After a federal lending program threatened their land, farmers in Cedar Grove, Tennessee, reportedly stood up against industrial chicken farming operations, filing a lawsuit against the United States Department of Agriculture.
As the Tennessee Lookout detailed, Tyson Foods utilized $20 million in taxpayer incentives from the state government to open a $425 million meat processing plant in Humboldt, a town roughly 20 miles from Cedar Grove.
This raised concerns that the large-scale operations, including runoff from chicken manure, would pollute the water in Cedar Grove, leading to the filing of the suit by the Southern Environmental Law Center on behalf of multiple families last December.
"I really want to stress the fact that this was a predominantly Black community growing up; it's legacy land we want our kids to grow up on and enjoy the freedoms and experiences we had growing up," Brenda Scott, a second-generation African American farmer, told the Lookout.

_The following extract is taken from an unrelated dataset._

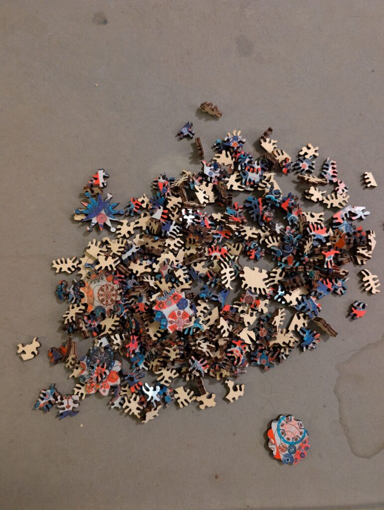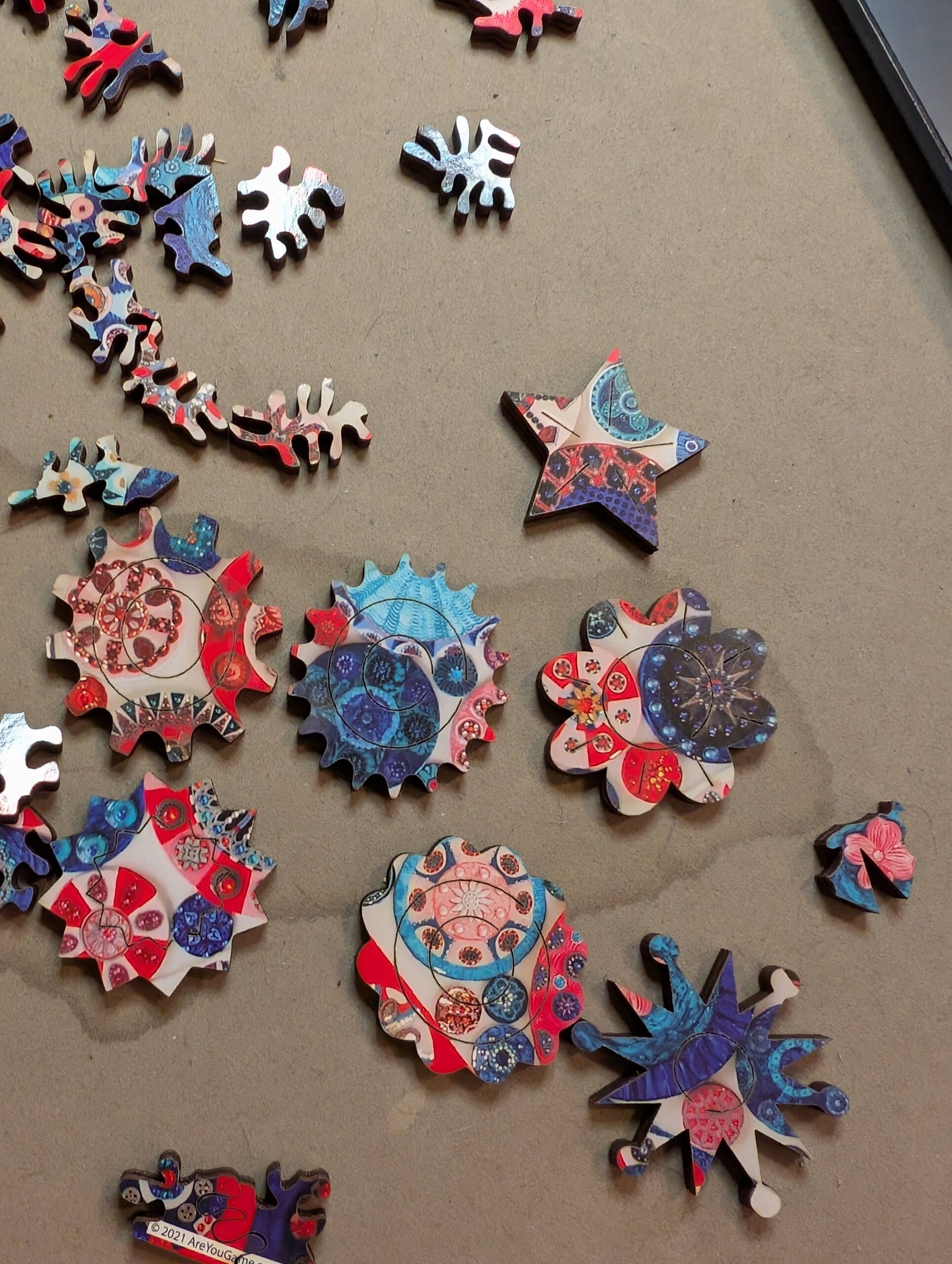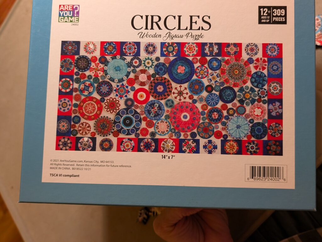 Another of the puzzles from AreYouGame, this one “Circles” by Coral Bourgeois, in 309 pieces. There are not whimsies precisely, but there are some spirograph-like regular shapes embedded.

The suit also claims that the Farm Service Agency violated its own standards by illegally granting money intended for "family farms" to a major company, as well as not keeping the local community up to date on new developments or fully researching the environmental impact of the loan-approved farming operations.
"It's a very problematic situation," environmental law firm attorney George Nolan told the Lookout, referencing in part the Tennessee government's decision to remove certain protections surrounding water quality and animal waste.
"My fear now is that there's no regulations for these chicken operators. What's going to happen to my grandchildren drinking our well water? What about the air quality? I have asthma. So do members of my family. And nobody is telling us anything," added Scott, who was denied the same loan granted to Tyson contractors in 2018.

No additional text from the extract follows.